Date: 2018-06-07 10:11 pm (UTC)
From: [personal profile] tcampbell1000
Honesty compels me to admit that I misread some work on fungi and the Great Oxygenation, and to thank you for bringing me to confront this. Now I probably have to write a story that uses this information, just to demonstrate to myself that I can.

What I meant to say with the more general stuff above is that if you scratch any superhero or horror story hard enough, you're going to find impossible things because that's the sheer nature of those genres. Assuming reasonable scientific consensus, plants can't think, plants can't move, plants can't superoxygenate, et cetera. The best one can do is build an insulating layer of science on top of that, but I'm willing to admit, having looked at it again, that the insulating layer here is indeed a bit patchy.

But even if you'd have to change the wording, I do very much like the climax, in which it becomes clear that Woodrue-- who, remember, is a brilliant botanist who has not only altered himself but discovered the Swamp Thing's true nature-- has grown so addled that he's forgotten basic ecology.

Moore does at least take pains to convince us that this League isn't capable of operating on the scale necessary to counteract Woodrue's insurrection, as various ideas are brought up and shot down, though obviously there's only so much you can do to sell their helplessness in four pages or so.
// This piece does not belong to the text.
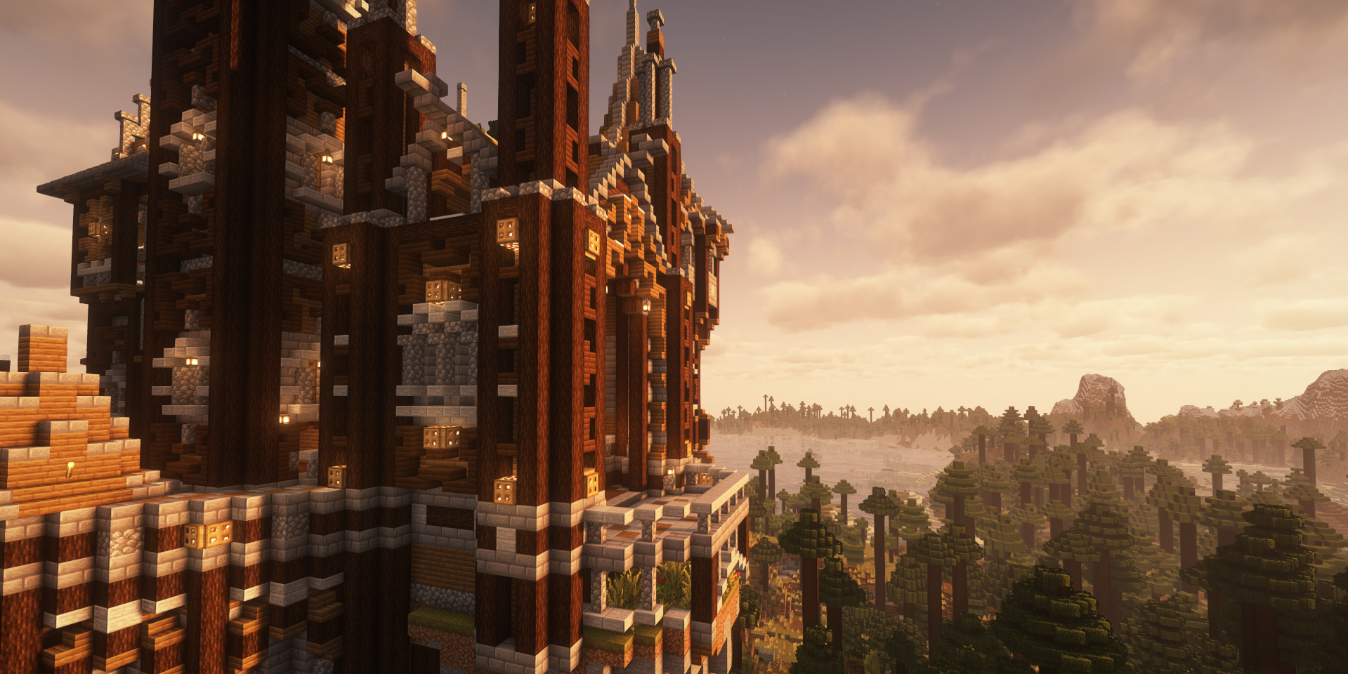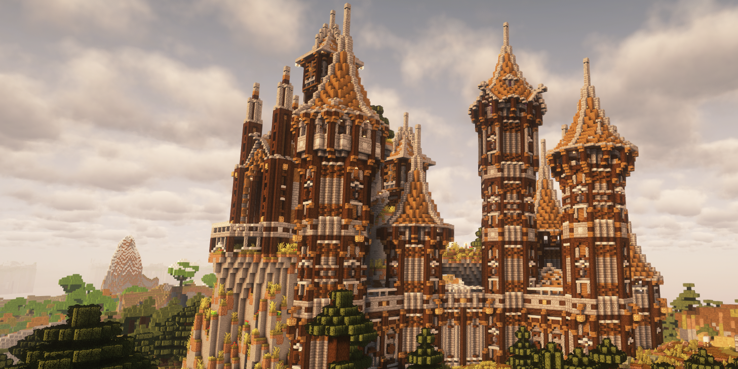 Rising proudly from the golden hills of the Craigian frontier, Windbrooke Castle stands as a marvel of craftsmanship and imagination. Built by our very own femalecowboy, Its intricate spires and sweeping roofs dominate the horizon, blending seamlessly with the surrounding taiga landscape. Built from rich spruce hues accented with polished stone, this monumental structure captures the spirit of medieval architecture while maintaining a distinctly warm and welcoming presence. From a distance, Windbrooke feels like something out of legend.
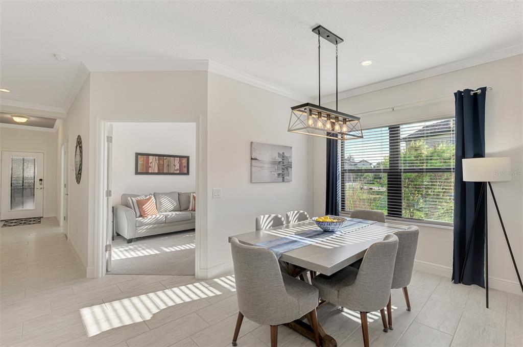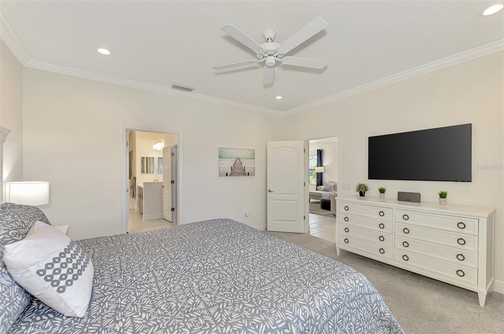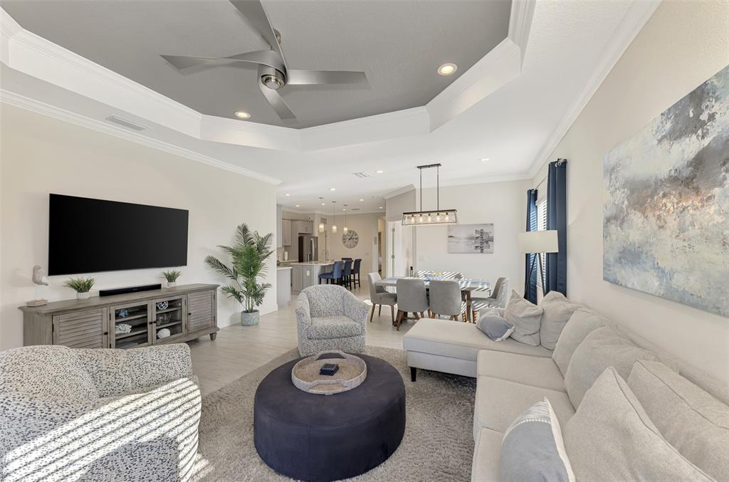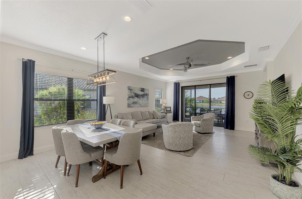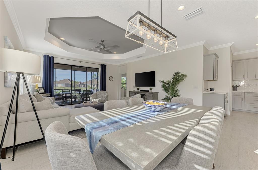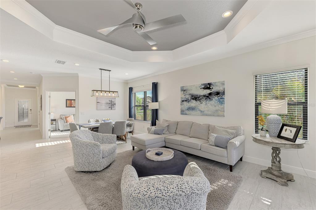 Split Bedroom Walk-In Closet(s)Ceiling Fan(s) Eating Space In Kitchen High Ceilings Thermostat Open Floorplan Window TreatmentsCrown Molding Coffered Ceiling(s)Exterior Features:

Yeah, surely they'd probably try something else eventually, but I'm at least willing to buy they wouldn't resolve matters as quickly or with as little collateral damage as Swamp Thing's simple "Dude, come on."

Date: 2018-06-02 03:51 pm (UTC)
zylly: (Some kind of demonic duck!)
From: [personal profile] zylly
I’ve always bounced between finding the whole “over people” thing poetic and deeply cynical.

Date: 2018-06-22 11:51 am (UTC)
repto: (Default)
From: [personal profile] repto
The way that the JLA is always shown in shadow, and almost always above the camera, really helps sell the "god-like beings watching us from above" angle.